Combine goat cheese and basil in small bowl; set aside.
Press thyme and garlic evenly onto beef Tenderloin Steaks.
Preheat nonstick skillet over medium heat. Cook steaks 10 to 13 minutes for medium rare (145°F) to medium (160°F) doneness, turning occasionally. Remove steaks from skillet; immediately top with goat cheese mixture. Keep warm.
Cooking Tip: To grill, place steaks on grid over medium, ash-covered coals. Grill, covered, 10 to 14 minutes (over medium heat on preheated gas grill 11 to 15 minutes) for medium rare (145°F) to medium (160°F) doneness, turning occasionally.
Prepare Sautéed Arugula and Tomatoes, if desired. Season steaks with salt; serve with arugula mixture. Sautéed Arugula and Tomatoes: Heat 1 teaspoon oil in nonstick skillet over medium heat until hot. Add 5 cups arugula leaves and 1 clove minced garlic; cook 1 to 2 minutes or until wilted, stirring constantly. Remove from heat. Stir in 1/2 cup diced tomatoes.

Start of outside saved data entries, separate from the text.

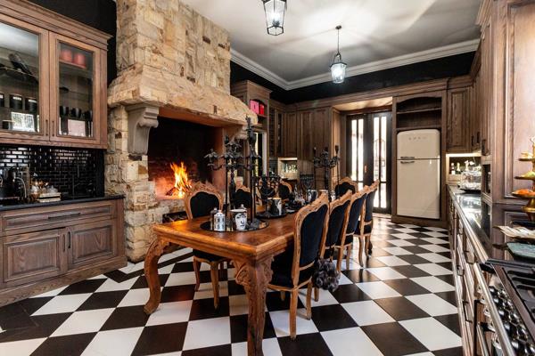 The stunning sprawling bespoke kitchen (with space for a splendid breakfast table) includes a double gas stove/oven combination, integrated fridges and a spectacular fireplace.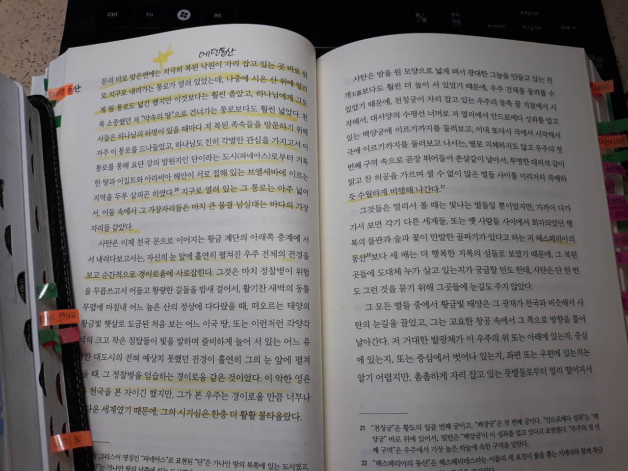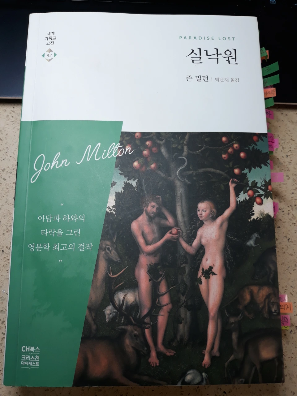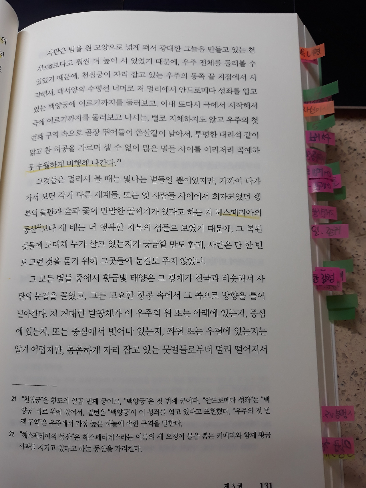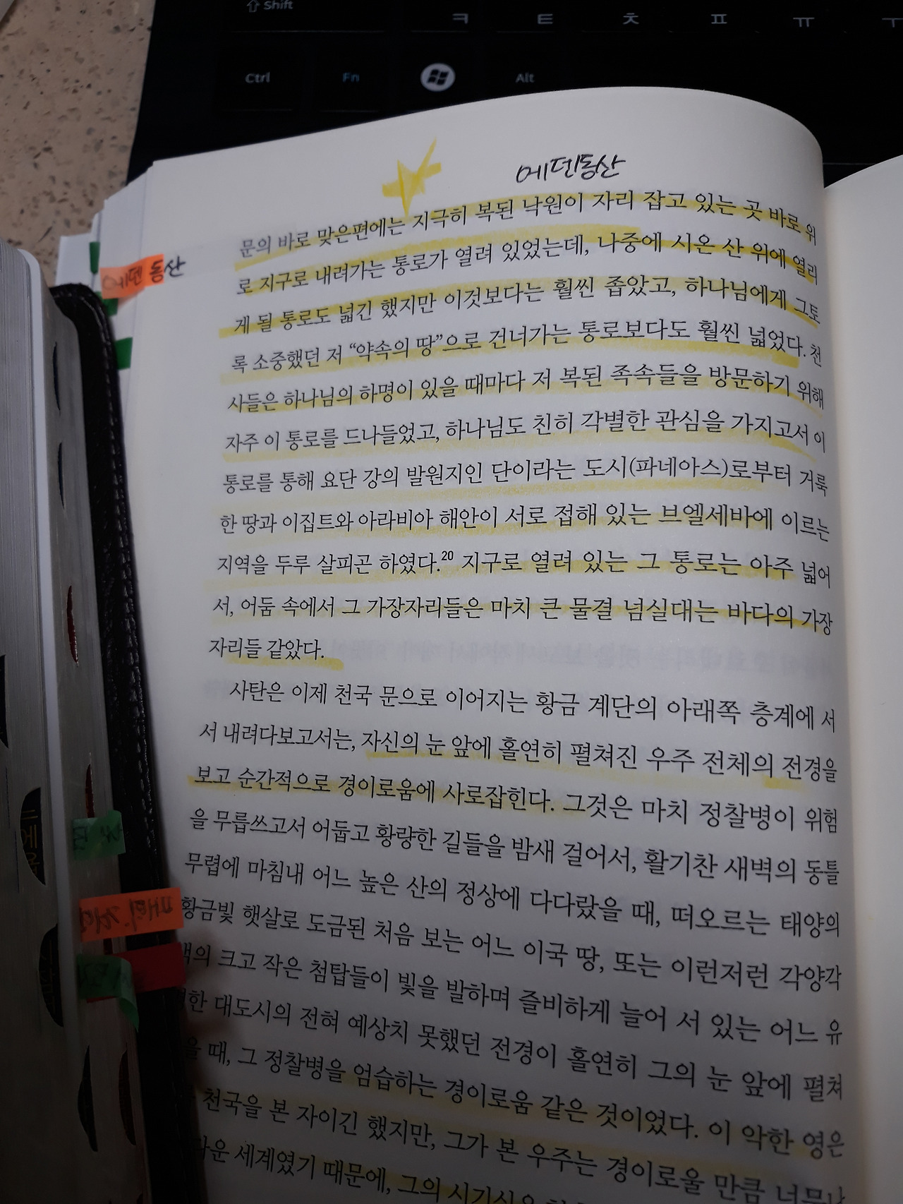 그 문의 바로 맞은편에는 지극히 복된 낙원이 자리 잡고 있는 곳 바로 위로 지구로 내려가는 통로가 열려 있었는데, 나중에 시온 산 위에 열리게 될 통로도 넓긴 했지만 이것보다는 훨씬 좁았고, 하나님에게 그토록 소중했던 저 "약속의 땅"으로 건너가는 통로보다도 훨씬 넓었다. (...) 지구로 열려 있는 그 통로는 아주 넓어서, 어둠 속에서 그 가장자리들은 마치 큰 물결 넘실대는 바다의 가장자리들 같았다. (p.130), 존 밀턴, <실낙원>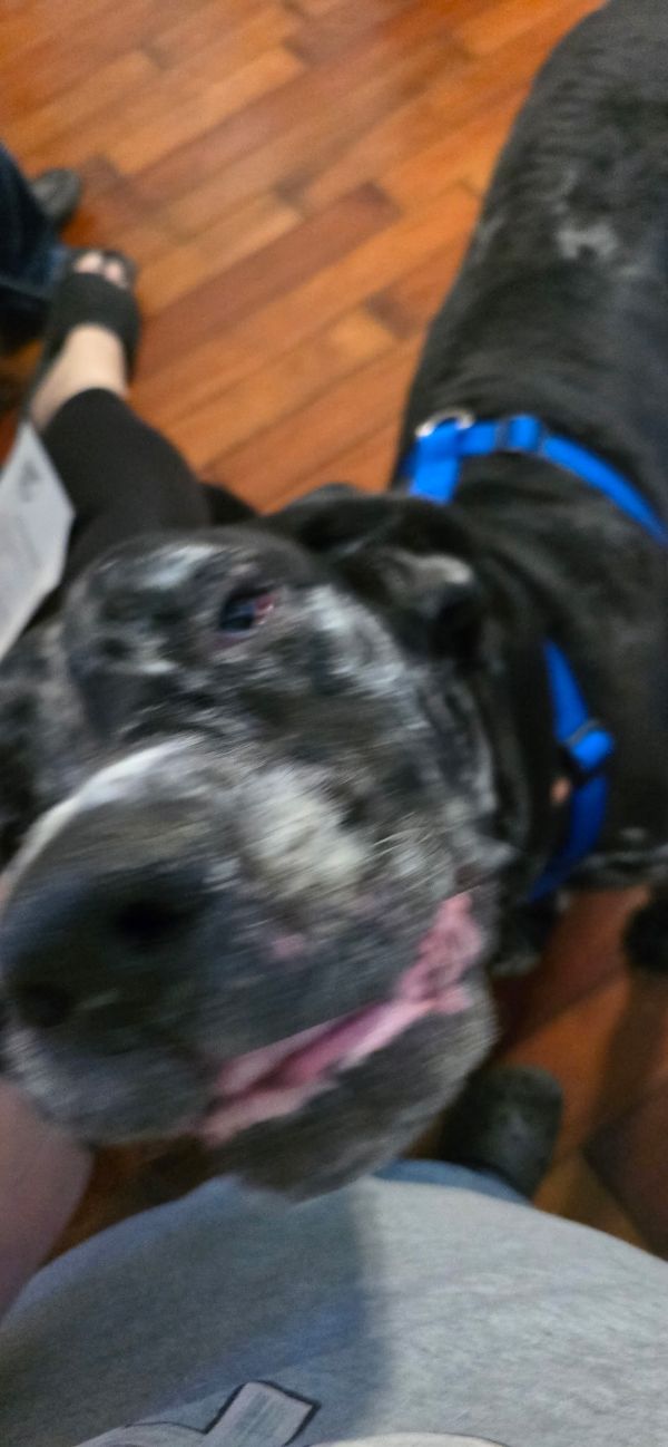 Scooby-Dee is a 4½-year-old purebred Great Dane weighing about 95 pounds (6). This beautiful merle girl is sweet, affectionate, and full of love — ready to find a forever family who’ll give her the same care and kindness she gives everyone around her.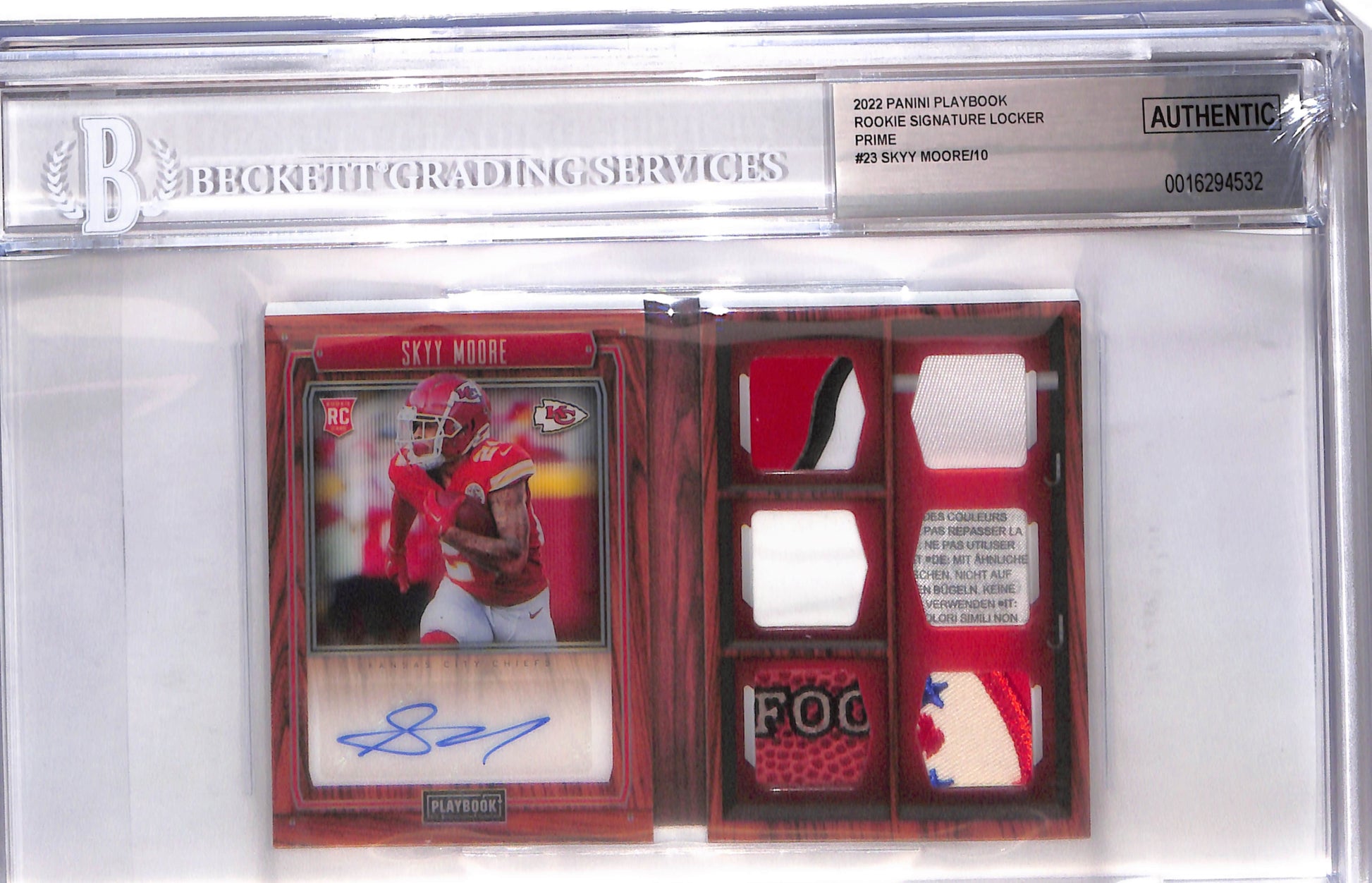 2022 Panini Playbook - Sky Moore - # 23 - Kansas City Chiefs - Football - Booklet - Relic - Rookie Signature Locker - Beckett Authentic - 05/10

Nutrition information per serving, no side dish: 245 Calories; 99 Calories from fat; 11g Total Fat (5 g Saturated Fat; 4 g Monounsaturated Fat;) 93 mg Cholesterol; 115 mg Sodium; 1 g Total Carbohydrate; 0.1 g Dietary Fiber; 33 g Protein; 2.3 mg Iron; 9.2 mg NE Niacin; 0.7 mg Vitamin B6; 1.7 mcg Vitamin B12; 5.7 mg Zinc; 35.6 mcg Selenium; 117.9 mg Choline.
This recipe is an excellent source of Protein, Niacin, Vitamin B6, Vitamin B12, Zinc, Selenium, and Choline; and a good source of Iron.